Reactivity of Carbon Nanotubes with High Pressures of
Nitrogen Dioxide
By Dr. Holly Bevsek, Dept of Chemistry
Nanotechnology is said to be the next step in the
industrial revolution. If realized, the
ability to produce materials atom-by-atom with specific properties will impact
virtually every part of life. At the
forefront of nanotechnological research are carbon nanotubes, cylindrical
molecules of carbon that have unique structure-dependent electronic and
mechanical properties. Consequently,
most nanotube studies focus on investigating physical rather than chemical
properties. The chemical studies that
have been conducted primarily involve efforts to make them water-soluble
whereas interactions of carbon nanotubes with gas-phase species have only
recently begun to be examined.
Furthermore these studies are exclusively performed using low reactant
gas pressures; the high pressure regime is unexplored.
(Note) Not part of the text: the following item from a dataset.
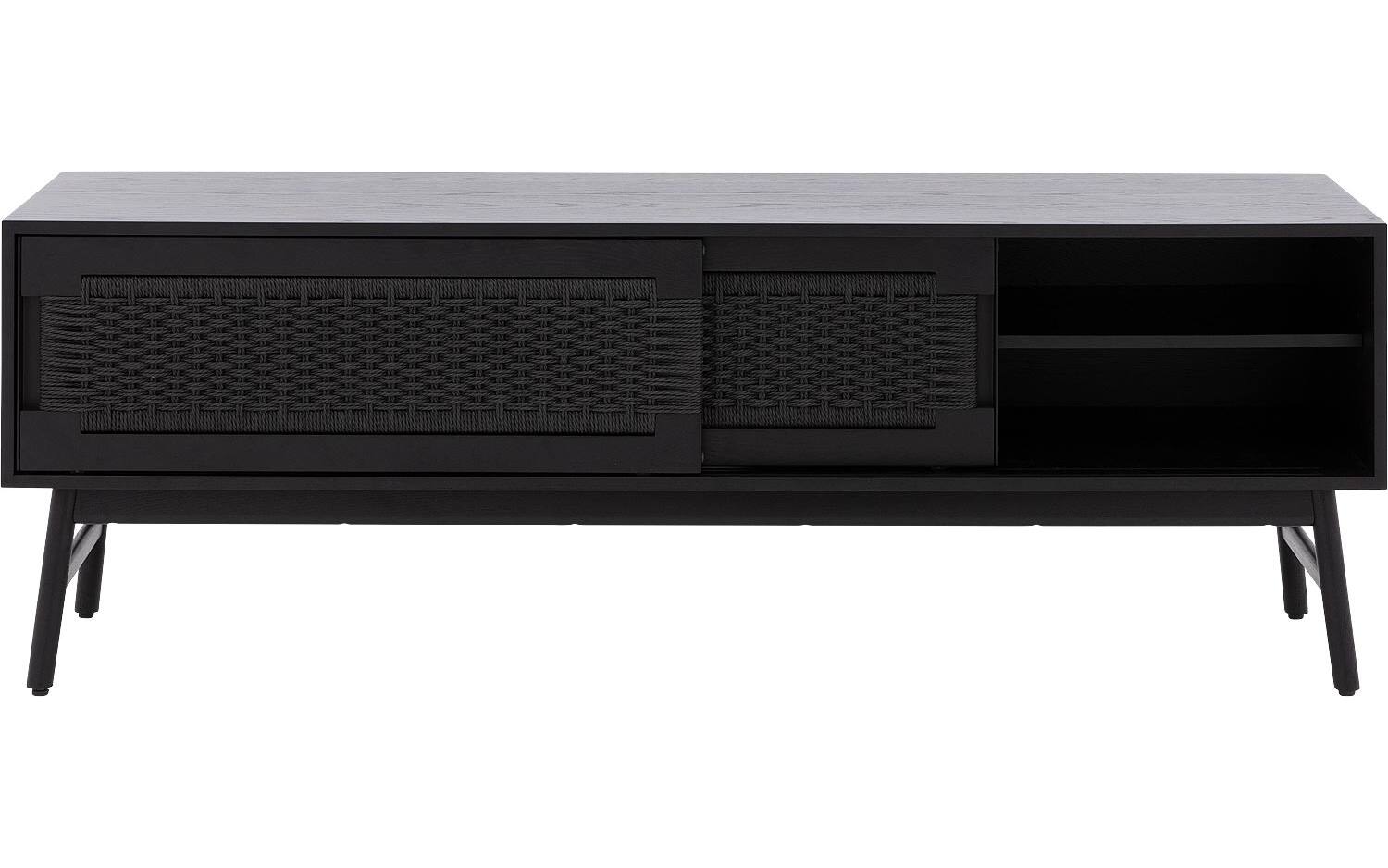 Achter de schuifdeuren vind je voldoende ruimte voor je tv-ontvanger, spelcomputer en andere apparatuur. De gevlochten houtstructuur blijft ook aan de binnenkant zichtbaar, wat zorgt voor een mooie, afgewerkte uitstraling zelfs met open deuren.

Of particular interest is the reaction of carbon nanotubes
with nitrogen dioxide (NO2).
NO2 is a highly reactive atmospheric pollutant and the
resistivity of carbon nanotubes is known to be sensitive to its presence. This observation is upheld by theoretical
studies, which indicate a strong interaction between NO2 and the
nanotube. However most experiments do
not support this as evidence for only weak interactions have been found. The currently held rationale for this
conflict is that nanotubes used in experimental studies have structural defects
and are of varying and poorly-determined purities. In my seminar I will discuss my research
groups investigations over the past year and a half into reactions of purified
and “out of the bottle” carbon nanotubes with nitrogen dioxide (NO2)
at increasingly high (up to 1 atm) pressures.